I propose immediate governmental and charitable efforts so all senior homes can begin and sustain whole-home quarantines through their local COVID-19 surge weeks. I believe this will best protect our seniors, caregivers, and communities from COVID-19. This is an urgent issue. To succeed, whole-home quarantines start best with healthy staff and residents. However, as COVID-19 spreads, opportunities for clean starts diminish. As of 2 April, 19% of Connecticut’s nursing homes already have at least one patient with COVID-19. I have heard comparable percentages of assisted living homes are likewise affected. Many federal, state, and charitable leaders are debating trillions of dollars of economic stimulus and medical response. They should prioritize multiplier effects. The right financial help should not only help our economy – it should go to the frontlines and help defeat COVID-19.
In Connecticut, our COVID-19 surge may happen in the next several weeks. Connecticut has about 150 assisted living homes and 215 nursing homes. Even if our senior homes cannot enact full quarantines, partial programs will still help them be smaller targets for COVID-19. If each home gets $50,000 in weekly payroll assistance for six weeks, this will cost about $110 million dollars.

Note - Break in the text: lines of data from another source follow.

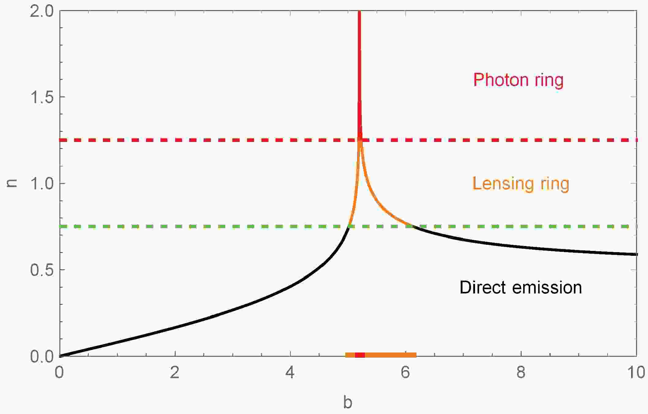 $ 1/4<n<3/4 $ $ \Leftrightarrow $ $ b\in(0,b_2^-)\cup (b_2^+,\infty) $ ;• Lensing ring: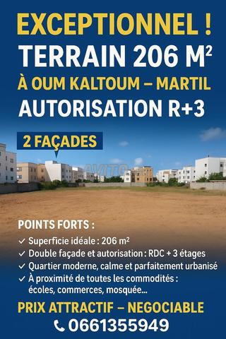 لا تفوت هذه الفرصة الفريدة لامتلاك أرض ممتازة بمساحة 206 متر مربع في تجزئة أم كلثوم المرغوبة في مارتيل. مثالية لمشروع سكني راقي أو إقامة إيجارية مربحة أو استثمار آمن.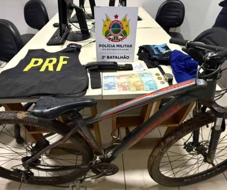 Durante as diligências, os militares também recuperaram uma bicicleta da marca Lotus, que havia sido roubada na noite anterior. Com os menores foram apreendidos uma capa de colete balístico com identificação da PRF, R$ 163 em dinheiro, um coldre de perna, um relógio e roupas supostamente usadas nos crimes. Outros dois envolvidos conseguiram fugir.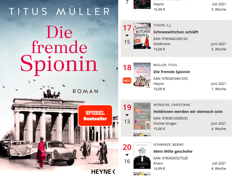 »The Foreign Spy« climbed to 18th place on the Spiegel bestseller list, which means it has earned the red bestseller sticker. Thank you for your support and desire and curiosity in reading! I am enormously chuffed that so many have discovered this novel. When writing it, I didn’t feel like I was doing anything differently than how I normally write, which means that this topic must resonate well with current times. The sales team at Heyne Publishing Company has done excellent work, and then it was up to the booksellers, and you.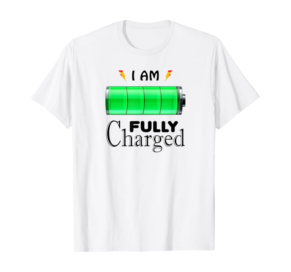 Amazon Com 100 Fully Charged Funny Nerd Battery Tshirt For Men Women Clothing Shoes Jewelry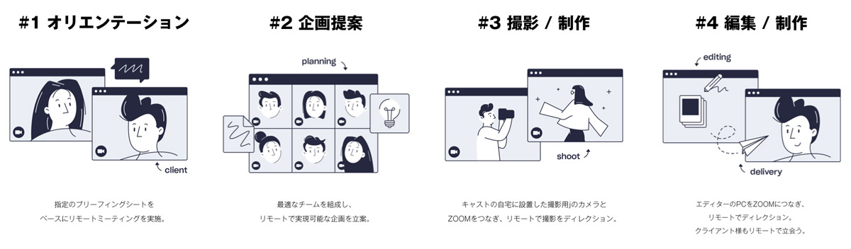 佐々木:オリエンから企画・提案、そのフィードバックや撮影、編集まですべてテレビ会議ツール「Zoom」で完結してしまう制作スタイルです。映像制作だけでなく、広告サービス全般のクリエイティブを網羅的に対応します。撮影に関しても、キャストの元に、グリーンバックやカメラ、照明、衣装を送付。ディレクションはZoomで行います。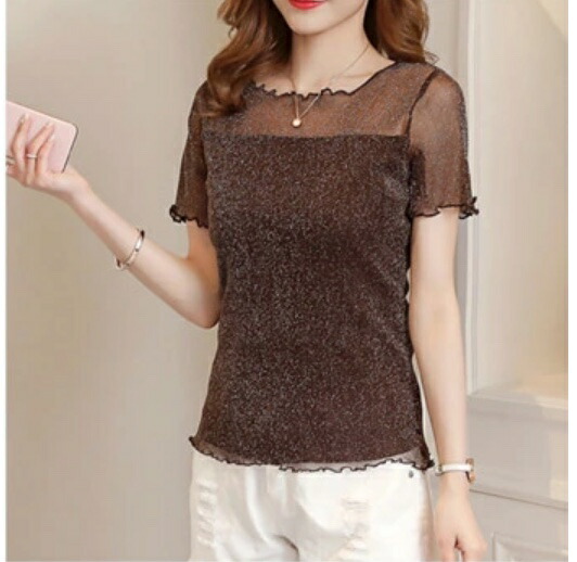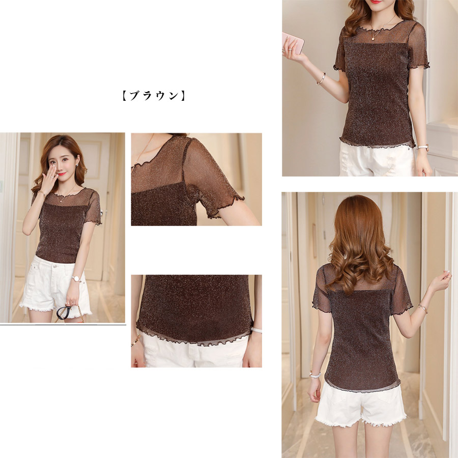 レディース トップス 半袖 レーストッ トップス シャツ ブラウス 新登場! ブラック ブラウン ネイビー M L XL XXL
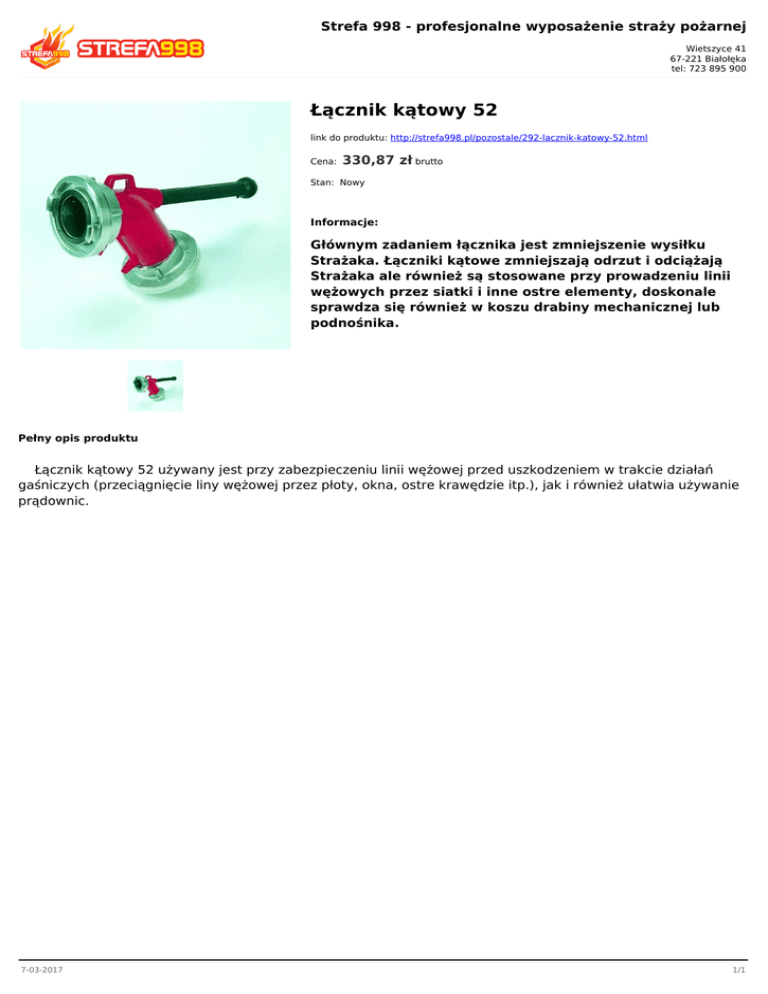 Strefa 998 - profesjonalne wyposażenie straży pożarnej Wietszyce 41 67-221 Białołęka tel: 723 895 900 Łącznik kątowy 52 link do produktu: http://strefa998.pl/pozostale/292-lacznik-katowy-52.html Cena: 330,87 zł brutto Stan: Nowy Informacje: Głównym zadaniem łącznika jest zmniejszenie wysiłku Strażaka. Łączniki kątowe zmniejszają odrzut i odciążają Strażaka ale również są stosowane przy prowadzeniu linii wężowych przez siatki i inne ostre elementy, doskonale sprawdza się również w koszu drabiny mechanicznej lub podnośnika. Pełny opis produktu Łącznik kątowy 52 używany jest przy zabezpieczeniu linii wężowej przed uszkodzeniem w trakcie działań gaśniczych (przeciągnięcie liny wężowej przez płoty, okna, ostre krawędzie itp.), jak i również ułatwia używanie prądownic. 7-03-2017 1/1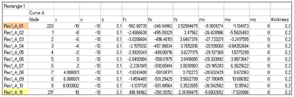 - An ASCII text file containing the forces and moments per unit length, together with their corresponding location plus the plate thickness must be created excluding repeated information (Figure 6).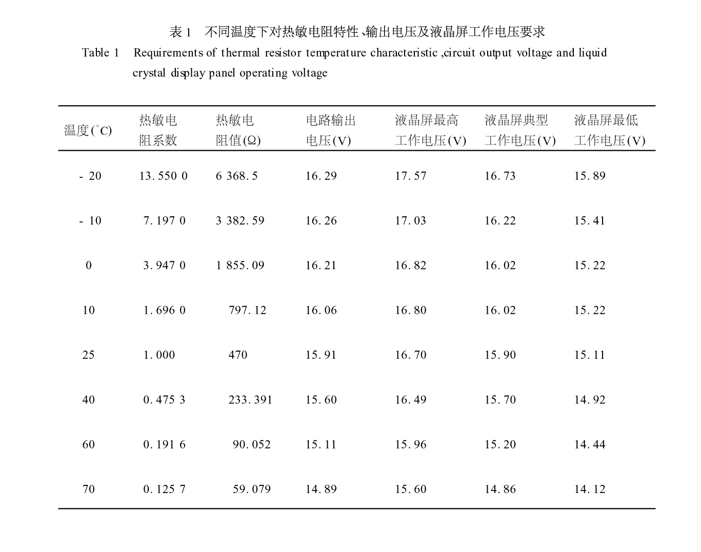 進行了模擬計算,結果如表1,由表1所得曲線如圖4。表1和圖4表明電路輸出和液晶屏的要求吻合,電路能夠保證液晶在-20~70°C 范圍內正常顯示。而且高、低溫測試結果證實,在-20~70 °C范圍內對比度正常。

This might sound like a lot of money, but the alternative could be far worse. As COVID-19 spreads through our healthcare communities, senior homes may one-by-one succumb and melt down into mini-Chernobyls. Hundreds of seniors will die agonizing deaths, and our frontline caregivers will endure unspeakable horrors. Heroic aides and nurses will help stricken residents, become themselves infected, and then further spread COVID-19. How much would such a catastrophe cost?
We rightly admire our “Greatest Generation.” Many of our residents served in World War II and Korea. Others are surviving spouses and loves ones of those who served. They defended democracy and bore incredible personal burdens for America’s greater good. Today, we should repay them. . I believe whole-home quarantines will be their best defense. I wish our home to be a worthy and inspiring example, so governments and charitable efforts will help more senior homes do this. In an effort to share the idea, I proposed an opinion article in The Hartford Courant.
“You must never so much think as whether you like it or not, whether it is bearable or not; you must never think of anything except the need, and how to meet it.”